Should be interesting. DISH says I qualify for two complete sets of distant SD networks, but has no plans to provide them in HD. DirecTV says I only qualify for CBS and Fox but seems to have a plan for transmitting them. Hmmm... 

--- WCS


----------



## chewey (Jul 28, 2004)

This could be awsome for people in rural areas. For those constantly adjusting their antenna's to pick up and hd feed it won't mean much.


----------



## Jacob S (Apr 14, 2002)

So would we have to qualify for the SD distant locals in order to get the HD distant locals or will they have a different way of qualifying us to have a waiver for these stations since some/most HD stations are not full power? If that would be the case then perhaps those that would not qualify for distant SD locals before would now qualify for the HD distant locals but would have to get the HD television and HD receiver.


----------



## BFG (Jan 23, 2004)

There's two ways of qualifying:
-If you have analog distants you also get digital distants.
-If you subscribe to LIL Analog locals and Digital Broadcasts are not available in your area then you qualify.

Other notes: 
-People who already have digital/analog distant waivers are grandfathered.

New clauses: 
-If a person in a Analog LIL market has digital distants and their local station launches a digital signal, they will loose the digital distants within 60 days.
-If satellite carries a customers Analog LIL market, they are not eligible for Analog waivers.
-Viewers can only receive waivers for a distant station that airs primetime programming at the same time or after their "primetime"


----------



## srrobinson2 (Sep 16, 2003)

BFG said:


> There's two ways of qualifying:
> -If you have analog distants you also get digital distants.
> -If you subscribe to LIL Analog locals and Digital Broadcasts are not available in your area then you qualify.
> 
> ...


But all of this is moot if E* won't expand their HD offering. I've been sending them notes about offering the superstaion pack in HD for months...


----------



## DonLandis (Dec 17, 2003)

This may be an improvement over past waiver policy. Reason is that it separates the signal type as "HDTV". In the past you could be denied a CBS HDTV waiver from E* if you had access to an SD only station.


----------



## boylehome (Jul 16, 2004)

DonLandis said:


> This may be an improvement over past waiver policy. Reason is that it separates the signal type as "HDTV". In the past you could be denied a CBS HDTV waiver from E* if you had access to an SD only station.


Don, 
Does this mean that if a local OTA digital is not providing HDTV, that the satellite Co. can provided the subscriber with the respective HDTV network channel?


----------



## Richard King (Mar 25, 2002)

If this happens it could push many people (myself included) into making the investment in an HD receiver.
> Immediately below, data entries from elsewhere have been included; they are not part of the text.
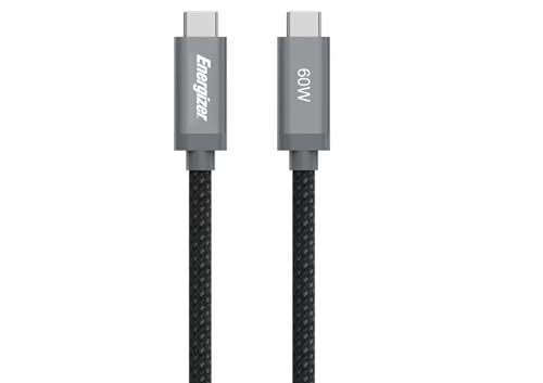 Energizer - USB-C till USB-C-kabel - PD snabbladdning 60 W - typ C flätad nylon, kompatibel med iPhone 15 Plus Galaxy S23 Ultra Plus S22 (2M) - svart
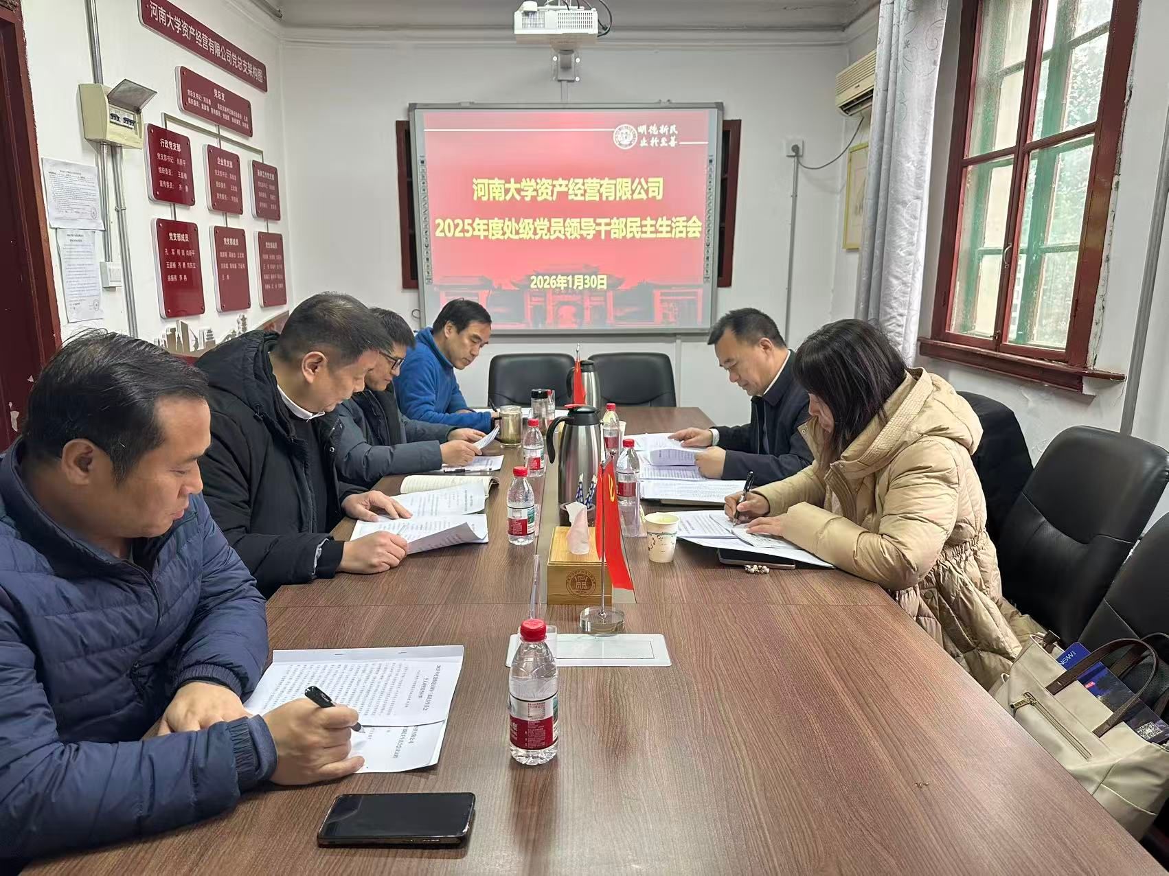 1月30日下午,河南大学资产经营有限公司召开2025年度处级党员领导干部民主生活会。校督导组王子梁和晁卫华到会指导,公司班子成员、党总支委员参加会议。会议由党总支书记、总经理刘志勇主持。
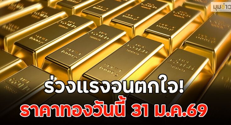 ราคาทองคำประจำวันที่ 31 ม.ค.2569 ประกาศครั้งแรก ร่วงแรง 1,000 บาท เปรียบเทียบกับราคาสุดท้ายของเมื่อวานนี้ โดยราคาทองรูปพรรณขยับมาอยู่ที่บาทละ 75,000 บาท อ้างอิงข้อมูลล่าสุดจาก สมาคมค้าทองคำ ที่เผยแพร่ผ่านทางเว็บไซต์ เมื่อเวลา 09.23 น.ที่ผ่านมา
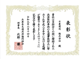 この功績が認められ、多年にわたり営業用自動車の運転に精励しその勤務成績が優秀で他の模範と認められ、関係事業に貢献した功績により表彰されました。
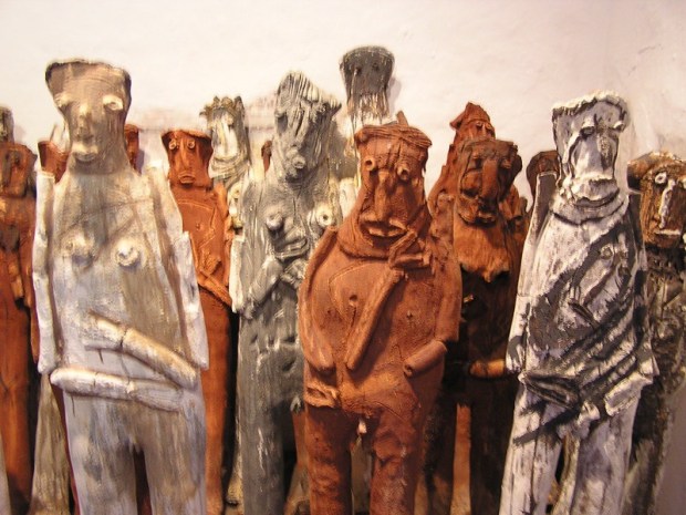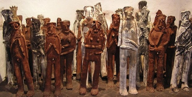 The clay life-sized figurers, each four feet, four inches tall, weighing 150 pounds, depicting the harsh lives of migrants.
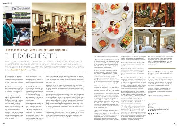WHAT DO YOU GET WHEN YOU COMBINE ONE OF THE WORLD ’ S MOST ICONIC HOTELS , ONE OF LONDON ’ S MOST LUXURIOUS POSTCODES , UNRIVALLED SERVICE AND CARE , AND A CHECK-IN THAT INVOLVED THE LITTLEST insideKENT REVIEWERS ? PERHAPS THE BEST FAMILY STAYCATION EVER . SAMANTHA READY TELLS ALL ...
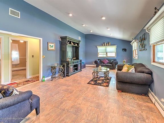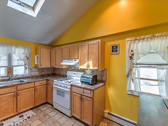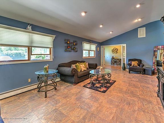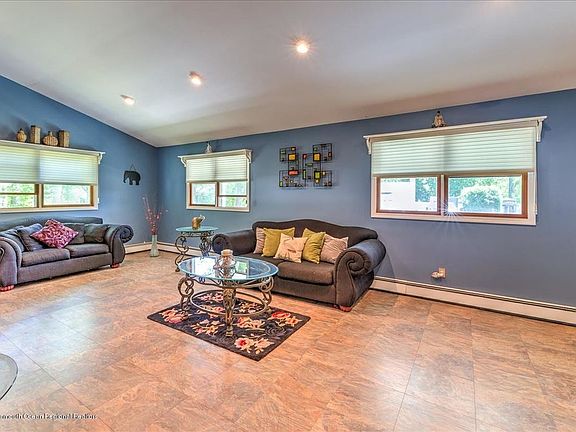 Desirable ranch home with 3 bedrooms & 2 newer full baths. Master bedroom has ensuite bathroom w/jacuzzi tub & separate shower. 2 additional bedrooms & full bathroom. Entertain in your 26 ft. great room addition w/vaulted ceilings & newer wood toned floors. Updated kitchen with maple cabinets, newer appliances, skylight and adjacent dining area. Laundry room/utility room as well. The spacious front porch addition is a great place to relax at the end of the day. There's an extra long & double wide paved driveway w/newer pavered front walkway. Newer quality white vinyl fencing surrounds the backyard which features a new/large pavered patio, grassy area and storage shed. Newer roof, Central A/C & Well. Conveniently located near major arteries, shopping, entertainment, NYC buses, etc
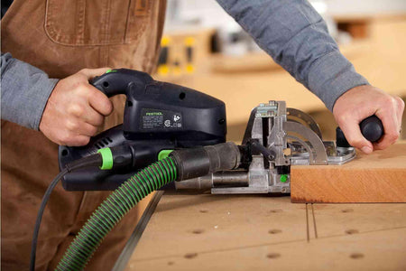 - Mortise width adjustment with the turn of a dial allows for easier alignment when joining panels
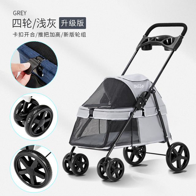 Pet Stroller Lightweight Dog Cat Cart Four-wheel Shock Absorption Folding Dog Transport Cart Breathable Stroller Outdoor
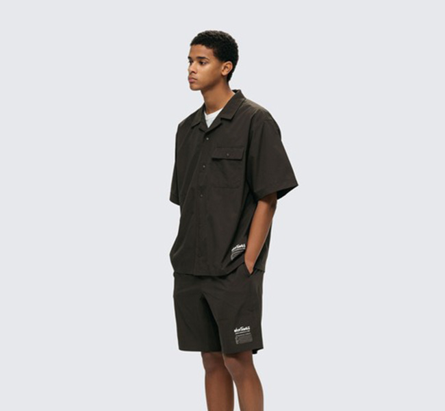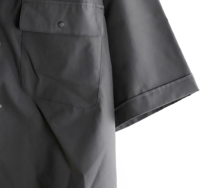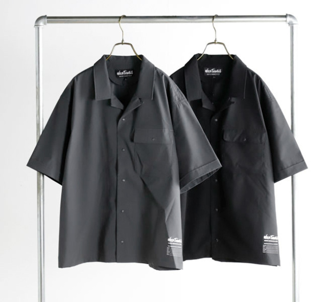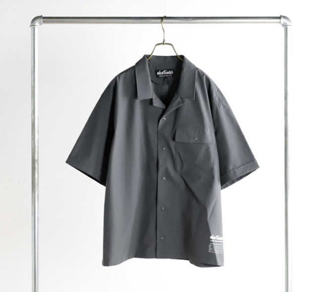 ベーシックなオープンカラーシャツを、UVカット・吸水速乾・微ストレッチの機能性素材で仕立てたWILD THINGSらしい一着。

Very good for the consumer and the satellite companies.


----------



## DonLandis (Dec 17, 2003)

boylehome said:


> Don,
> Does this mean that if a local OTA digital is not providing HDTV, that the satellite Co. can provided the subscriber with the respective HDTV network channel?


At first glance, that is how I read it but you know the drill... "The Devil's in the details."
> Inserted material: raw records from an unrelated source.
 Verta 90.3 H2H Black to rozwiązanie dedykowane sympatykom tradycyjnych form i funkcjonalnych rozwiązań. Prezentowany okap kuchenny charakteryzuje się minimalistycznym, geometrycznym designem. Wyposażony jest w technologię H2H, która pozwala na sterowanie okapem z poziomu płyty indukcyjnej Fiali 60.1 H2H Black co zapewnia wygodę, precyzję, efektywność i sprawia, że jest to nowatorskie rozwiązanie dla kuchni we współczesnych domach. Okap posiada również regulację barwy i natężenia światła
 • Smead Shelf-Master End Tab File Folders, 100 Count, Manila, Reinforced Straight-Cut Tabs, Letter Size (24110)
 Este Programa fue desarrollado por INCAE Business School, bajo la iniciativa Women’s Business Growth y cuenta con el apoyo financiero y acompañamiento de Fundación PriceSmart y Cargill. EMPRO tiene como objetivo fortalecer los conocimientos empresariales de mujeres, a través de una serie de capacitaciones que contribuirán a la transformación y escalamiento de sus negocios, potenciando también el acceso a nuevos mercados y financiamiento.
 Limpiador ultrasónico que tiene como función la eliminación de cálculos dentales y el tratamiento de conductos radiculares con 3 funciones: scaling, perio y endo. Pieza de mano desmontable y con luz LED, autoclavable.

For me, locally only UPN may be a candidate as we have no UPN station here.

I say where was this when I needed it 3 years ago? We do pretty good here in Jacksonville today with most stations doing HDTV as well as two nor doing DD5.1. It keeps getting better every month!


----------



## dallas_axelrod (Apr 24, 2004)

A friend on the hill has told me that the bill is available at http://www.house.gov/rules/h4818billtext.htm. Once on this page, click on the link for "Division J - Other Matters." The bill starts on page 122.

Perhaps someone can translate it for all of us...


----------



## aenea (Apr 21, 2004)

On page 192 there is a paragraph titled "Local to Local Analog Markets". The way I read that a DBS provider can provide a distant digital signal if they are providing analog LIL, but not digital LIL, to that area and the subscriber is receiving the LIL analog channels. 

There are restrictions on not providing a distant signal from an earlier time zone and something about bandwidth that I didn't quite follow, but if analog LIL is being received there don't seem to be any sort of signal test requirements to provide a distant digital signal.


----------



## Vermonter (Nov 15, 2004)

Experts; Many MANY thanks for the updates; however between the thread here and that over on Satellite guys I cannot resolve one question..what happens when one or more of your local affiliates sends the HD feed to cable but not OTA? Here in northern VT the towers are still 2 years out for NBC/CBS/ABC/FOX but WCAX (CBS) is feeding Adelphia HD...so the only way you can get any HD is cable. I think that does NOT count and I should be homefree..correct? And that is true because D* just added Burlington locals a few weeks ago off 72.5.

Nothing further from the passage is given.